Jakarta, Aktual.com – Kebijakan revisi PP Nomor 52 dan PP Nomor 53 tahun 2000 yang mengatur tentang network sharing tengah ngotot diperjuangkan oleh Kementerian Komunikasi dan Informasi. Namun, kedua PP itu sudah diboyong ke Badan Regulasi Telekomunikasi Indonesia (BRTI).

Revisi kedua PP itu disebut banyak pihak tak menguntungkan untuk operator BUMN yaitu PT Telekomunikasi Indonesia (Persero) Tbk dan anak usahanya Telkomsel dan mengungkan dua operator swasta. Mereka yang selama ini sudah berinvestasi banyak, terutama di Kawasan Timur Indonesia (KTI) justru harus berbagi dengan jaringan denga operator swasta.

“Itu dampaknya, bagi Telkom akan mengalami kerugian besar karena ada network sharing. Tapi yang perlu dicermati adalah, dalam ketentuan PP 52 itu yang ada saat ini, tidak diatur ketentuan bahwa sharing itu diwajibkan untuk daerah yang membutuhkan modal dan biaya operasional yang besar,” ujar peneliti INDEF, Mohammad Reza Hafiz, di Jakarta, Senin (28/11).

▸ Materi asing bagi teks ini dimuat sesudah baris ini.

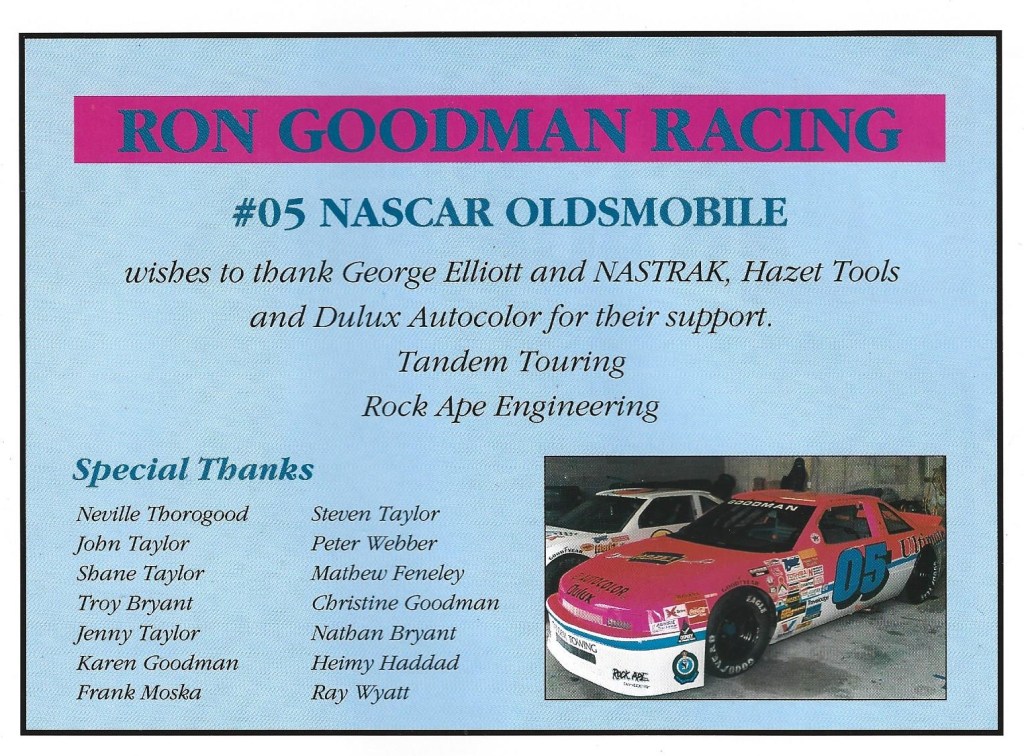 The #05 Ron Goodman Oldsmobile was an ex-George Elliot Oldsmobile as stated in the Round 4 1991/92 programme, it was originally claimed to be a car purchased from George, but a later publication said it was ‘lent’ (leased) to Ron by George, and it was given back to George.

Sehingga untuk daerah di KTI itu, seperti Maluku atau Papua, kata dia, tidak diwajibkan sharing. Kalau pun mau ada network sharing, agar operator tidak akan terlalu terbebani, maka harus ada skema business to business (B to B) antar operator.

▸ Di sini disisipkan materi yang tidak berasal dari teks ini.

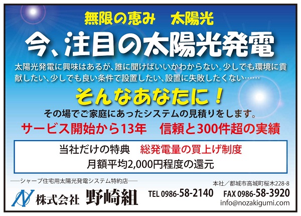 当社は、都城市を中心に宮崎県内各地で家作りをしています。施工:監修は野崎組ですので安心・安全な家作りが出来ます。 オアシスホームでは建築に伴う無駄を見直し、ローコスト(低価格)でありながら高品質の住宅を可能に致しました。標準の内容でもちろんOKです。もうちょっと欲張りたいと思われる方にはオプションもご提案できます。 予算に合った無理のない家作りはオアシスホームにお任せ下さい。 また、太陽光発電は施工実績が300件以上あり、設置から助成金の手続きなどすべて当社にて行います。 |
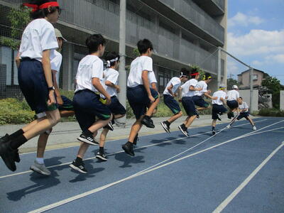 いよいよ体育祭練習が始まりました。今日の練習は、団対抗「台風の目」と、学級対抗「大縄跳び」です。

“Jadi skemanya cukup B to B saja. Sehingga tanpa perlu ada intervensi pemerintah melalui, karena bisa menimbulkan conflict of interest,” cetus dia.

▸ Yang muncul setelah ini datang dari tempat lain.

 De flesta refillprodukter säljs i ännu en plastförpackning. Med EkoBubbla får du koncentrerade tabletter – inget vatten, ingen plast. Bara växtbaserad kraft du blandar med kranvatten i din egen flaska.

Nantinya, menurut Reza, dalam teknis di lapangannya, pemerintah cukup mengawasi perjanjiam sharing tersebut agar persaingan usaha tetap berjalan sehat.

Selain itu, Reza juga menyoroti soal kepentingan asing dalam kebijakan revisi kedua PP tersebut. Asal tahu saja, dua operator swasta yaitu PT Indosat Ooredo Tbk dan PT XL Axiata Tbk merupakan operator yang nayoritas sahamnya dimiliki asing.

Meski begitu, dirinya tak mau mengkaji lebih jauh terkait hal ini. Baginya terlepas dari isu kepentingan asing atau bukan, yang terpenting adalah, BUMN Telekomunikasi atau Telkom harus didukung.

“Jika dilihat dari program pemerintah sendiri, yang ingin menjadikan BUMN sebagai agent of development, ya logikanya Telkom justru harus didukung. Sehingga Telkom bisa menjadi BUMN unggulan, baik di dalam negeri maupun ekspansi ke luar negeri,” cetus dia.

Saat ini, infrastruktur BTS di KTI, terutama Maluku dan Papua, sebanyak 98 persen dimiliki oleh Telkomsel. Dengan kondisi tersebut, Telkomsel jelas sangat tidak diuntungkan ketika ada kebijakan pemerataan akses layanan melalui kewajiban sharing.

Makanya, banyak pihak yang meminta, pemerintah mendorong juga operator swasta dan perusahaan infrastruktur terkait untuk ekspansi di daerah rural area itu.

Hingga kini, jumlah BTS yang dimiliki Telkomsel hingga 2015 sudah mencapai 103 ribu dari 37 ribu di 2010. Pihak XL-Axiata cuma mempunyai 59 ribu (dari 21 ribu) dan Indosat Ooredo hanya 51 ribu (dari 18 ribu).

Sedang untuk persentase operator yang digunakan di rural area, Telkom dan Telkomsel tentu yang paling banyak dengan porsi 57%, sementara Indosat sebanyak 22%, XL-Axiata hanya 18%, dan sisanya operator lain.